#### EXERCISE INSTRUCTIONS
When you copy the material below, keep every line exact and omit the pictures.
=== Begin Enclosure ===
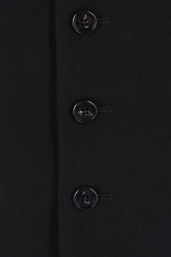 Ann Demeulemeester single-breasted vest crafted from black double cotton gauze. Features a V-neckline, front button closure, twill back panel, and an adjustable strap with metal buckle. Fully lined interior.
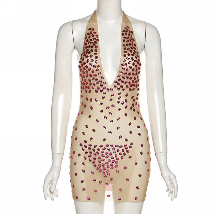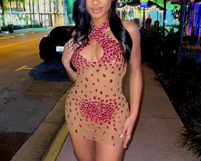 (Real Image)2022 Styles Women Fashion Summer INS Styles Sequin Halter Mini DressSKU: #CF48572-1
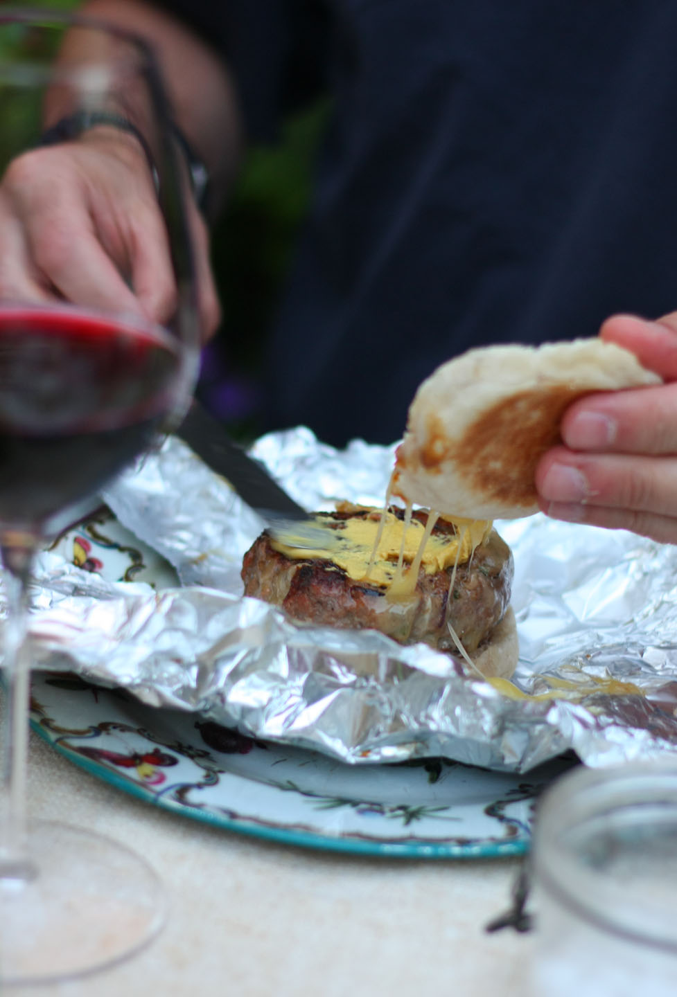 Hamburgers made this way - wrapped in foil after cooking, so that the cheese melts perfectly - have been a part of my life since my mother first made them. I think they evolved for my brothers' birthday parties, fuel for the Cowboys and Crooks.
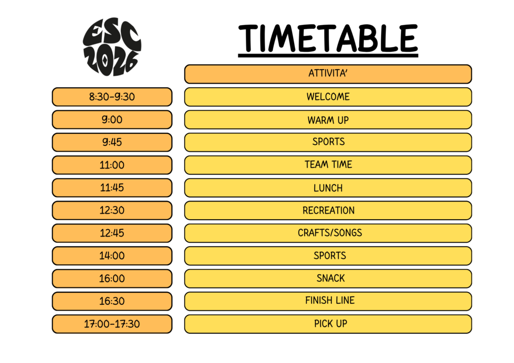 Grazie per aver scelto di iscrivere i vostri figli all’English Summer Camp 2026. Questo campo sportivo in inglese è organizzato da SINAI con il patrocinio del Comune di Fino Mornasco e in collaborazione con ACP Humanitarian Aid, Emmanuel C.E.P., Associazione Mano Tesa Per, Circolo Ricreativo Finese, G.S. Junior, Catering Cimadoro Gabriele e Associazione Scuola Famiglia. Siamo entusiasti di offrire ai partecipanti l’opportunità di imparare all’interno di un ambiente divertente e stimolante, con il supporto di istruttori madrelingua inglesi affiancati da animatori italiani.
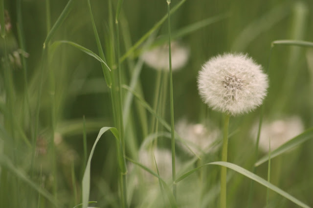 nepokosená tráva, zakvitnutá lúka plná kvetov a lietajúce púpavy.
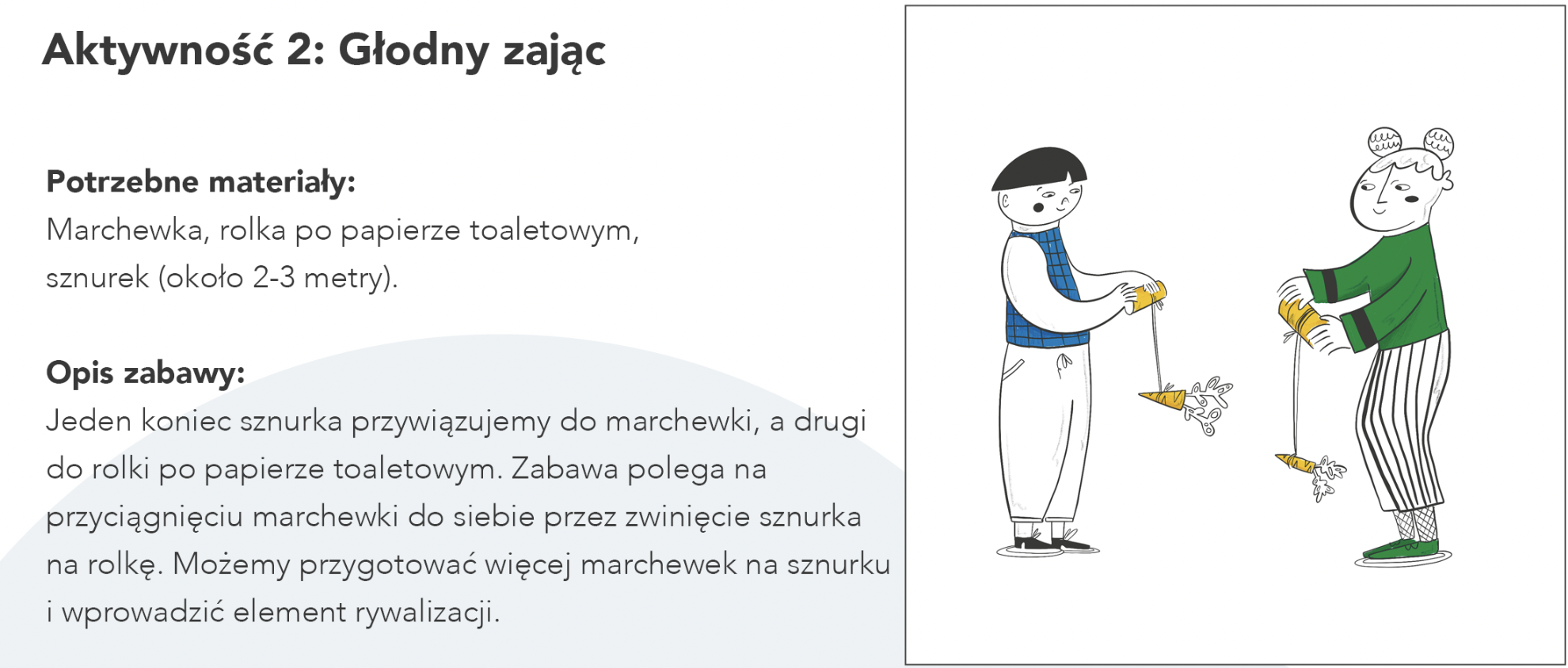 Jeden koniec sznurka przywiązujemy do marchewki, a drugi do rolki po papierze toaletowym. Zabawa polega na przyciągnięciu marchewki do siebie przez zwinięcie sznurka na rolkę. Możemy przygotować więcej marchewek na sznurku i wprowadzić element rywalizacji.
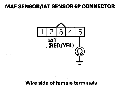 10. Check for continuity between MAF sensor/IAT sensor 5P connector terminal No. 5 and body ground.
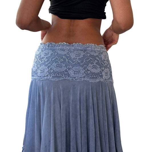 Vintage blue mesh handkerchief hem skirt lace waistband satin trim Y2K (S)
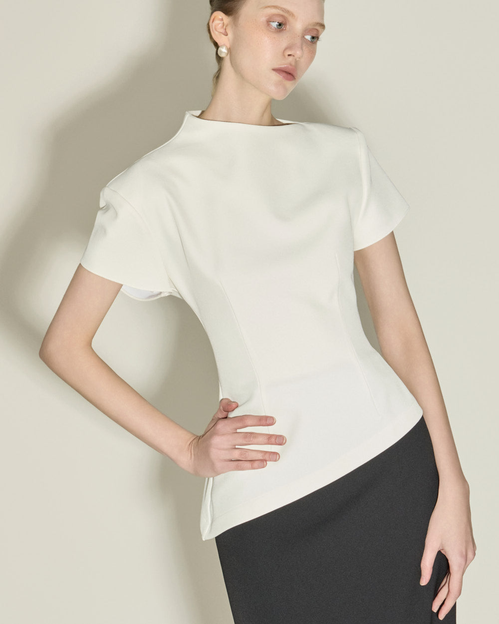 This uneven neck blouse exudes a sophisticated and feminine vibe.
=== End Enclosure ===
#### RESPONSE BELOW
 Ann Demeulemeester single-breasted vest crafted from black double cotton gauze. Features a V-neckline, front button closure, twill back panel, and an adjustable strap with metal buckle. Fully lined interior.
 (Real Image)2022 Styles Women Fashion Summer INS Styles Sequin Halter Mini DressSKU: #CF48572-1
 Hamburgers made this way - wrapped in foil after cooking, so that the cheese melts perfectly - have been a part of my life since my mother first made them. I think they evolved for my brothers' birthday parties, fuel for the Cowboys and Crooks.
 Grazie per aver scelto di iscrivere i vostri figli all’English Summer Camp 2026. Questo campo sportivo in inglese è organizzato da SINAI con il patrocinio del Comune di Fino Mornasco e in collaborazione con ACP Humanitarian Aid, Emmanuel C.E.P., Associazione Mano Tesa Per, Circolo Ricreativo Finese, G.S. Junior, Catering Cimadoro Gabriele e Associazione Scuola Famiglia. Siamo entusiasti di offrire ai partecipanti l’opportunità di imparare all’interno di un ambiente divertente e stimolante, con il supporto di istruttori madrelingua inglesi affiancati da animatori italiani.
 nepokosená tráva, zakvitnutá lúka plná kvetov a lietajúce púpavy.
 Jeden koniec sznurka przywiązujemy do marchewki, a drugi do rolki po papierze toaletowym. Zabawa polega na przyciągnięciu marchewki do siebie przez zwinięcie sznurka na rolkę. Możemy przygotować więcej marchewek na sznurku i wprowadzić element rywalizacji.
 10. Check for continuity between MAF sensor/IAT sensor 5P connector terminal No. 5 and body ground.
 Vintage blue mesh handkerchief hem skirt lace waistband satin trim Y2K (S)
 This uneven neck blouse exudes a sophisticated and feminine vibe.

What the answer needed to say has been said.